======== Data shown
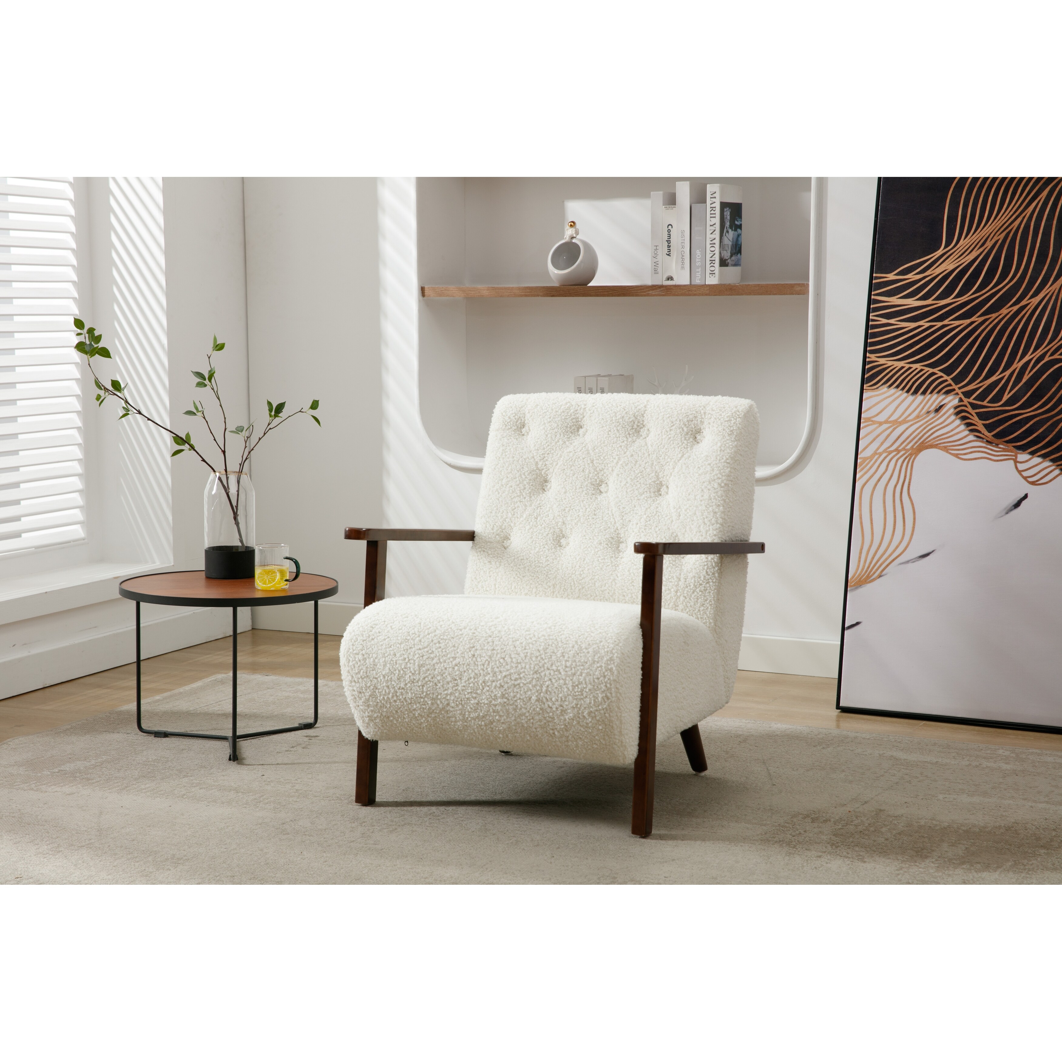 Mid-Century Modern Leisure Chair - Solid Wood Armrest and Feet, Ideal for Living Room, Bedroom, and Studio
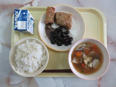 〇むぎごはん 松風焼 のっぺいじる くろまめ 牛乳
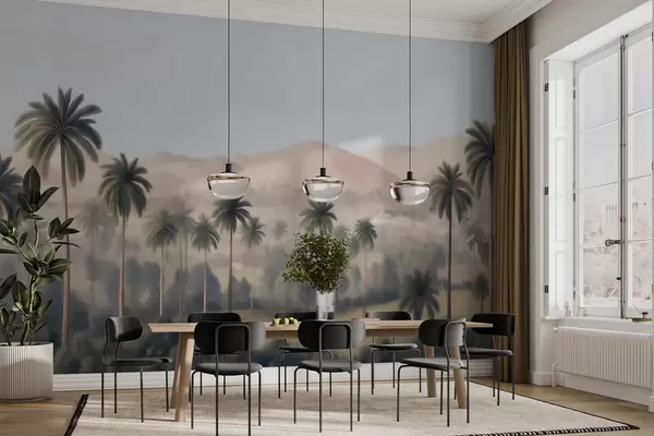 Fototapetai Tropinis peizažas su palmėmis ir kalnais, senovinis panoraminis vaizdas smėlio ir žalios spalvų tonais Nr. w09798
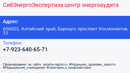 СибЭнергоЭкспертиза, центр энергоаудита по адресу 656023, Алтайский край, Барнаул, проспект Космонавтов, 15 в дальнейшем Организация, размещена в следующих категориях:
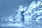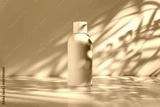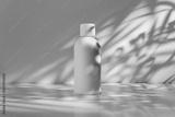 Minimalist white bottle on a light grey background with shadows of palm leaves
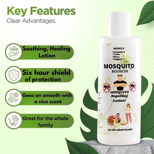 "Mosquito Bouncer Lotion" 4 fl. oz. (pack of 1) A natural, soothing, non toxic, lotion to keep Mosquitos, Ticks, Fleas, and Chiggers, away from you and your family.
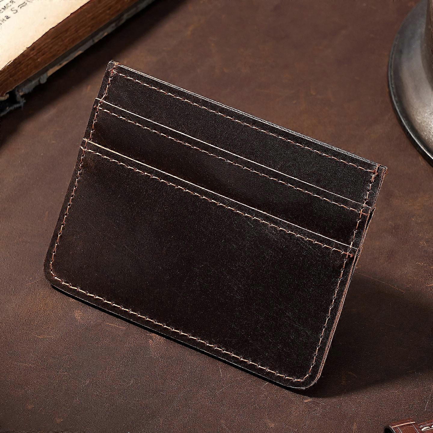 Portable Men's and Women's Slim Card Holder Genuine Leather Card Case for Daily Commute & Cash Storage Credit Cards Protector
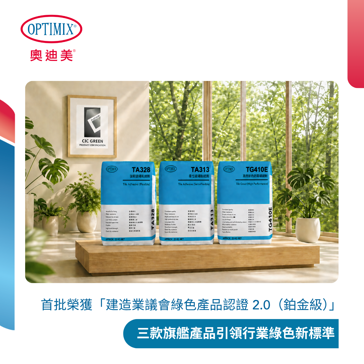 奥迪美再次引领行业绿色标准!旗下三款核心产品——TA313 柔性水泥基粘结剂、TA328 强韧水泥基粘结剂及 TG410E 高性能彩色防霉填缝剂,正式荣获建造业议会(CIC)全新推出的「香港建造业议会绿色产品认证(CICGPC)2.0」之最高级别—铂金级认证。
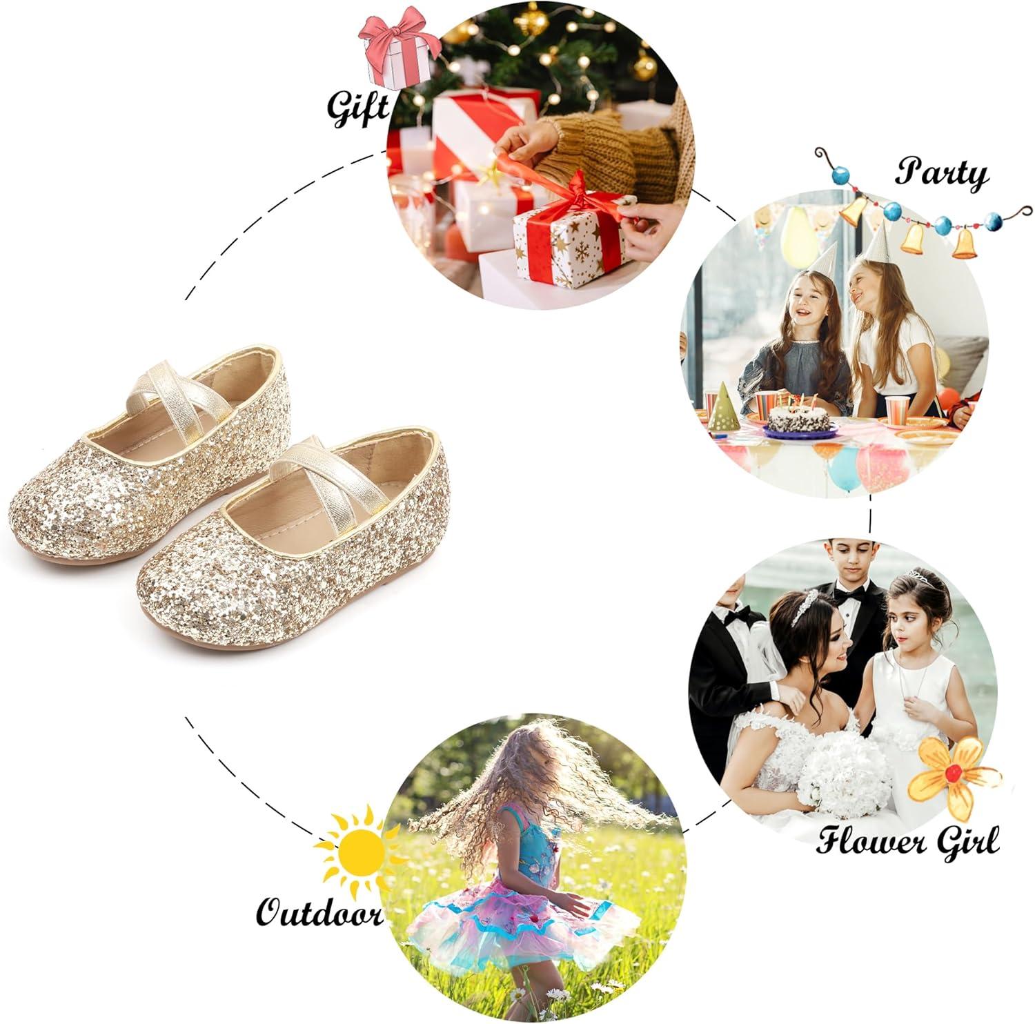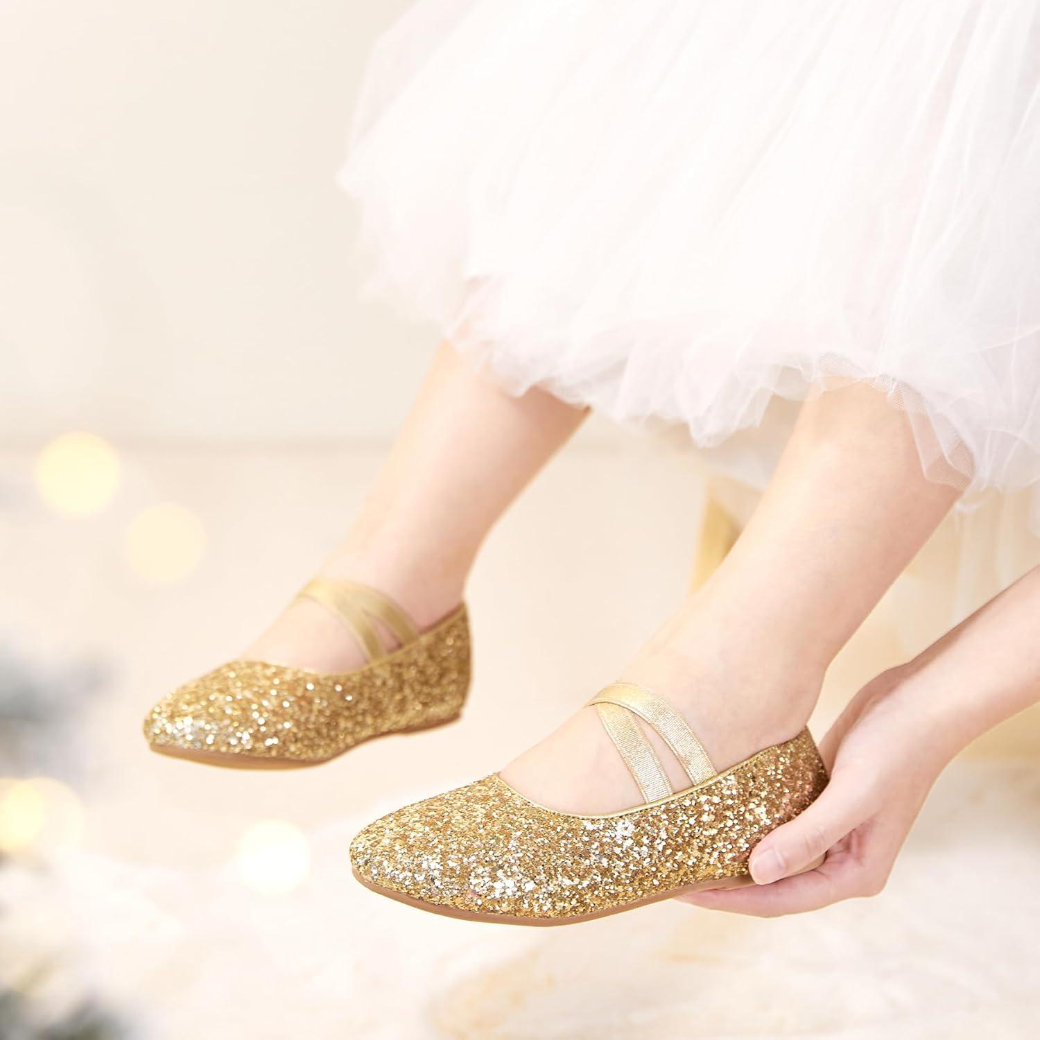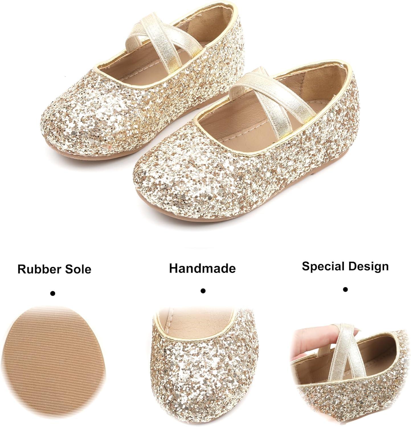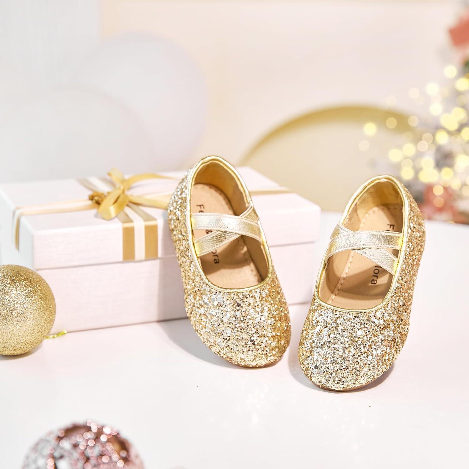 Felix & Flora Toddler Girl Dress Shoes – Flower Girl Ballet Mary Jane Flats Party School Wedding(B869-glitter Gold)
================
— Goal of the exercise —
Write out word for word the lines of the listing above from the line with "〇むぎごはん 松風焼 のっぺいじる くろまめ 牛乳" to the line with "Fototapetai Tropinis peizažas", taking in both of those lines but no pictures.

— Output below —
 〇むぎごはん 松風焼 のっぺいじる くろまめ 牛乳
 Fototapetai Tropinis peizažas su palmėmis ir kalnais, senovinis panoraminis vaizdas smėlio ir žalios spalvų tonais Nr. w09798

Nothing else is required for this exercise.